Stalin
Shumiatsky summoned Alexandrov, nervously waiting outside: “You’re wanted at court!”
“It’s a jolly film,” Stalin told Alexandrov. “I felt I’d had a month’s holiday. Take it away from the director. He might spoil it!” he quipped.
Alexandrov immediately started a series of these happy-go-lucky light musical comedies: Circus was followed by Stalin’s all-time favourite, Volga, Volga. When the director came to make the last in the series, he called it Cinderella but Stalin wrote out a list of twelve possible titles including Shining Path which Alexandrov accepted. Stalin actually worked on the lyrics of the songs too: there is an intriguing note in his archive dated July 1935 in which he writes out the words for one of the songs in pencil, changing and crossing out to get the lyric to scan:
A joyful song is easy for the heart;
It doesn’t bore you ever;
And all the villages small and big adore the song;
Big towns love the tune.
Beneath it, he scrawls the words: “To spring. Spirit. Mikoyan” and then “Thank you comrades.”5
When the director Alexander Dovzhenko appealed for Stalin’s help with his movie Aerograd, he was summoned to the Little Corner within a day and asked to read his entire script to Voroshilov and Molotov. Later Stalin suggested his next movie, adding that “neither my words nor newspaper articles put you under any obligation. You’re a free man . . . If you have other plans, do something else. Don’t be embarrassed. I summoned you so you should know this.” He advised the director to use “Russian folk songs—wonderful songs” which he liked to play on his gramophone.

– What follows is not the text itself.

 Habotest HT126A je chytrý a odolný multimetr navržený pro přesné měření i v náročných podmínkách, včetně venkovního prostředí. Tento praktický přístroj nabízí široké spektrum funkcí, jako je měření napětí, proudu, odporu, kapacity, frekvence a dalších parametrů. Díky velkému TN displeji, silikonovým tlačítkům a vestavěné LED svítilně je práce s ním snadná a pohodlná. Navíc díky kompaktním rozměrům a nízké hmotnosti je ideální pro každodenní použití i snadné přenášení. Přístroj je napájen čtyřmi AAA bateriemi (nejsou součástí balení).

“Did you ever hear them?” asked Stalin.
No, replied the director, who had no phonograph.
“An hour after the conversation, they brought the gramophone to my house, a present from our leader that,” concluded Dovzhenko, “I will treasure to the end of my life.”6
Meanwhile, the magnates discussed how to manage Sergei Eisenstein, thirty-six, the Latvian-German-Jewish avant-garde director of Battleship Potemkin. He had lingered too long in Hollywood and, as Stalin informed the American novelist Upton Sinclair, “lost the trust of his friends in the USSR.” Stalin told Kaganovich he was a “Trotskyite if not worse.”

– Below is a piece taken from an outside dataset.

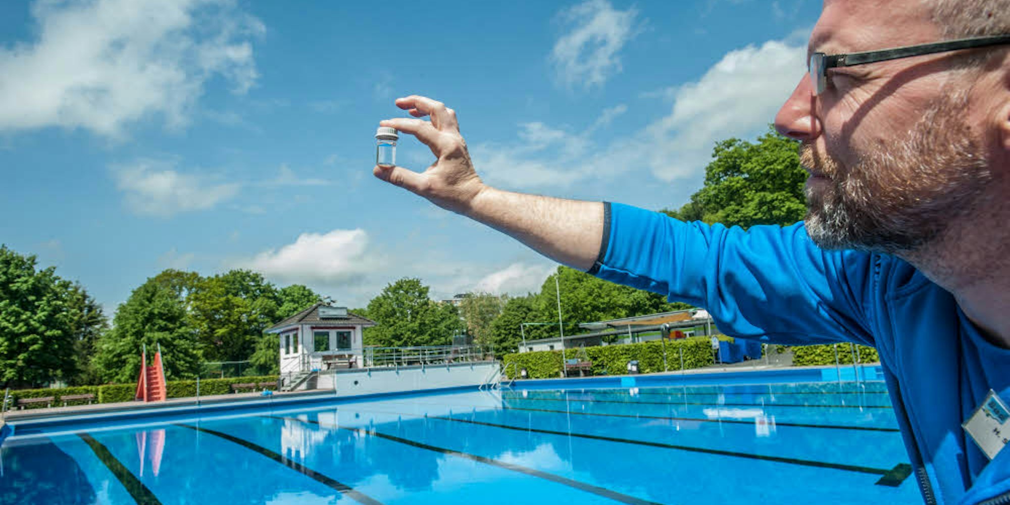 Helge Schönzeler, hier bei einer Wasserprobe am Becken, ist neuer Betriebsleiter des Leichlinger Schwimmbades.

Eisenstein was lured back and put to work on Bezhin Meadow, inspired by the story of Pavlik Morozov, the boy-hero who denounced his own father for kulakism. The tawdry project did not turn out as Stalin hoped. Kaganovich loudly denounced his colleagues’ trust: “We can’t trust Eisenstein. He’ll again waste millions and give us nothing . . . because he’s against Socialism. Eisenstein was saved by Vyacheslav [Molotov] and Andrei Zhdanov who were willing to give the director another chance.” But Stalin knew he was “very talented.” As tensions rose with Germany, he commissioned Eisenstein to make a film about that vanquisher of foreign invaders, Alexander Nevsky, promoting his new paradigm of socialism and nationalism. Stalin was delighted with it.
When Stalin wrote a long memorandum to the director Friedrich Emmler about his film The Great Citizen, his third point read: “The reference to Stalin must be excluded. Instead of Stalin, mention the Central Committee.”7
Stalin’s modesty was in its way as ostentatious as the excesses of his personal cult. The leaders themselves had promoted Stalin’s cult that was the triumph of his inferiority complex. Mikoyan and Khrushchev blamed Kaganovich for encouraging Stalin’s concealed vanity and inventing “Stalinism”:
“Let’s replace Long Live Leninism with Long Live Stalinism!” Stalin criticized Kaganovich but he knew Stalin better and he continued to promote “Stalinism.”
“Why do you eulogize me as if a single person decides everything!” asked Stalin. Meanwhile he personally supervised the cult that was flourishing in the newspapers: in Pravda, Stalin was mentioned in half the editorials between 1933 and 1939. He was always given flowers and photographed with children. Articles appeared: “How I got acquainted with Comrade Stalin.” The planes that flew over Red Square formed the word “Stalin” in the skies. Pravda declared: “Stalin’s life is our life, our beautiful present and future.” When he appeared at the Seventh Congress of Soviets, two thousand delegates screamed and cheered. A writer described the reaction as “love, devotion, selflessness.” A female worker whispered: “How simple he is, how modest!”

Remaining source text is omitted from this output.